Het meest dramatische beeld tonen echter Edeka’s buurtsupers. Wellicht zit hier een aanzienlijk deel van de een derde slecht presterende winkels, zoals door Dawson aangeduid. Het aantal buurtsupers daalde weliswaar, maar lang niet snel genoeg. Bovendien nam het aantal vierkante meters tussen 2007 en 2010 toe, hetgeen erop wijst dat de gemiddelde Edeka buurtsuper groter wordt. De omzet per vierkante meter in dit segment kelderde tussen 2007 en 2010 daardoor met liefst 22 procent tot een gemiddelde van 3613 euro.
Strikte huwelijkse voorwaarden
Wil Edeka inderdaad de juiste partner zijn voor C1000, zal het zichzelf moeten reorganiseren en zich versneld van dramatisch presterende bedrijfsonderdelen moeten ontdoen. Dat zijn de strikte huwelijkse voorwaarden om baat te hebben bij een overname van C1000.
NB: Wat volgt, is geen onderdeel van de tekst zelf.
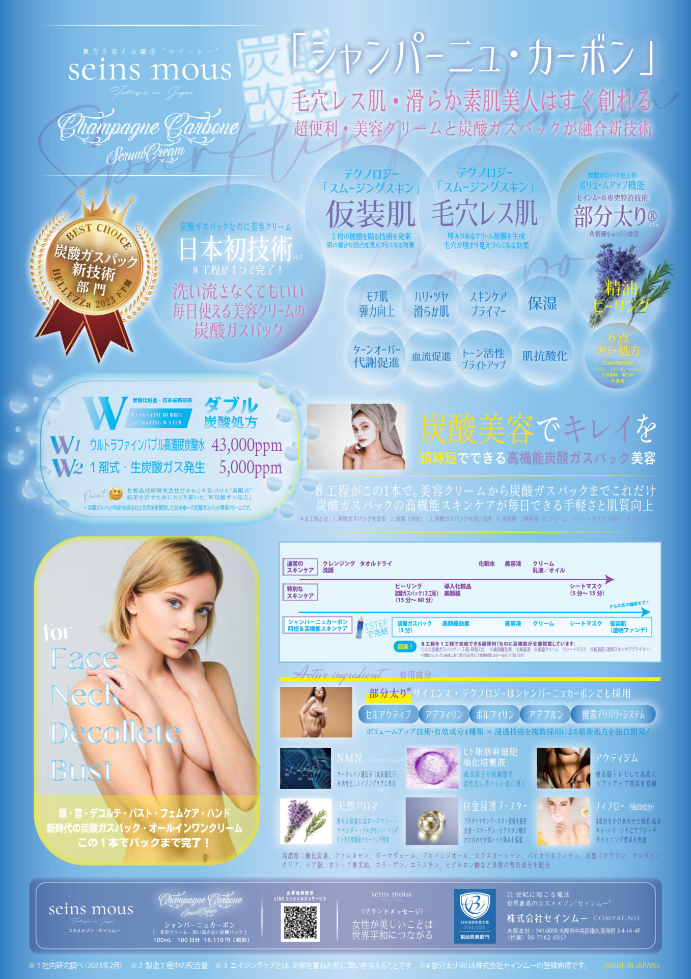 “部分太り®美容液”として知られる「ボーテロンド」をはじめ、エクソソーム美容液「クラッキングWエクソソーム」、香りのシリーズ「シャンパーニュ・カーボン」など、先進技術と感性を融合した製品を展開。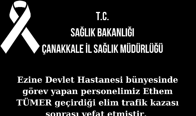 Çanakkale İl Sağlık Müdürlüğü, Ezine Devlet Hastanesi bünyesinde görev yapan personel Ethem Tümer'in geçirdiği trafik kazası sonucu vefat ettiğini duyurdu. Merhum Ethem Tümer’e Allah'tan rahmet, ailesine, sevenlerine ve sağlık camiasına başsağlığı dilekleri iletildi.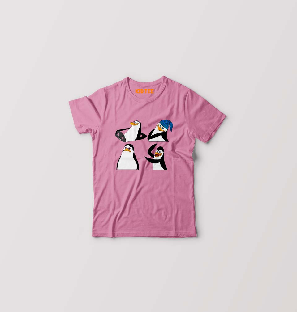 Penguins of Madagascar Kids T-Shirt for Boy/Girl-Pink-Ektarfa.online
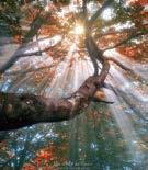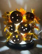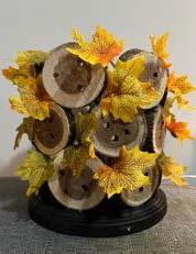 The Fall Lantern Lamp is designed with nature in mind, using wooden circles and fall-colored leaves to mimic sunlight peeking through the trees.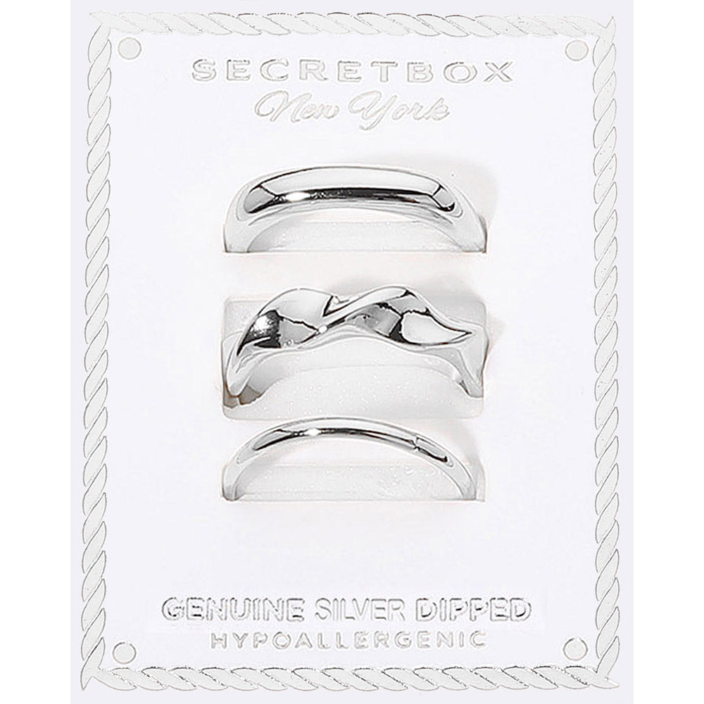 iLLASPARKZ SECRET BOX_3PCS Genuine Silver Dipped Sculptural Stackable Fashion Ring Set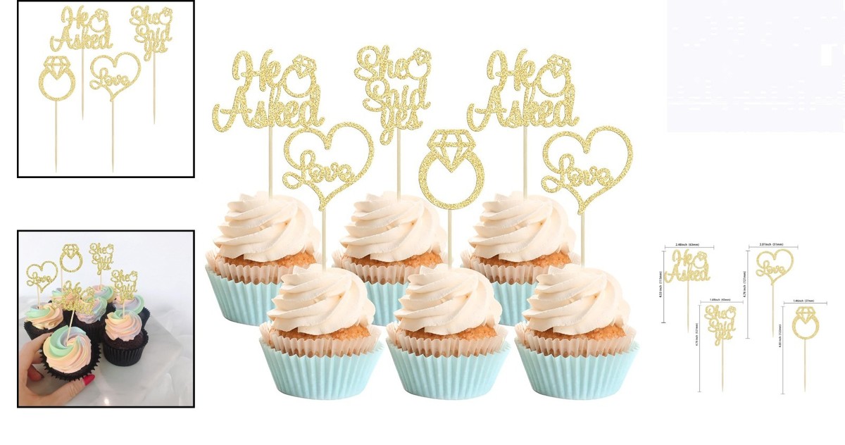 Bring a touch of elegance and joy to your special occasions with our 'He Asked, She Said Yes' cupcake toppers. These exquisite decorations provide the perfect finishing touch to your sweet treats, elevating them from simple desserts to enchanting experiences. Embrace the essence of celebration and create memorable moments that you and your loved ones will cherish forever.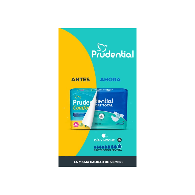El respaldo y la seguridad lo encuentras en Prudential Comfort Total, el pañal ideal para manejar pérdidas en fuertes cantidades, presentes en personas con capacidad de movimiento poca o nula.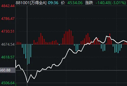 9:36左右,万得全A指数创出周一以来的新低,但随后立刻振荡回升。

De eigen uitdagingen zijn bovendien reden temeer voor Edeka om de kennis en kunde van het zittende C1000-management te koesteren. Niet voor niets is de vloerproductiviteit van C1000 veel hoger en wellicht kan de Amersfoortse ondernemersorganisatie ook adviseren in de klus die Edeka in de Duitse thuismarkt te klaren heeft. Moest Edeka C1000 daartoe de kans geven, snijdt het mes aan twee kanten en ontstaat onder de C1000-ondernemers niet het gevoel puur een wingewest te zijn om kwakkelende Duitse buurtsupers overeind te houden.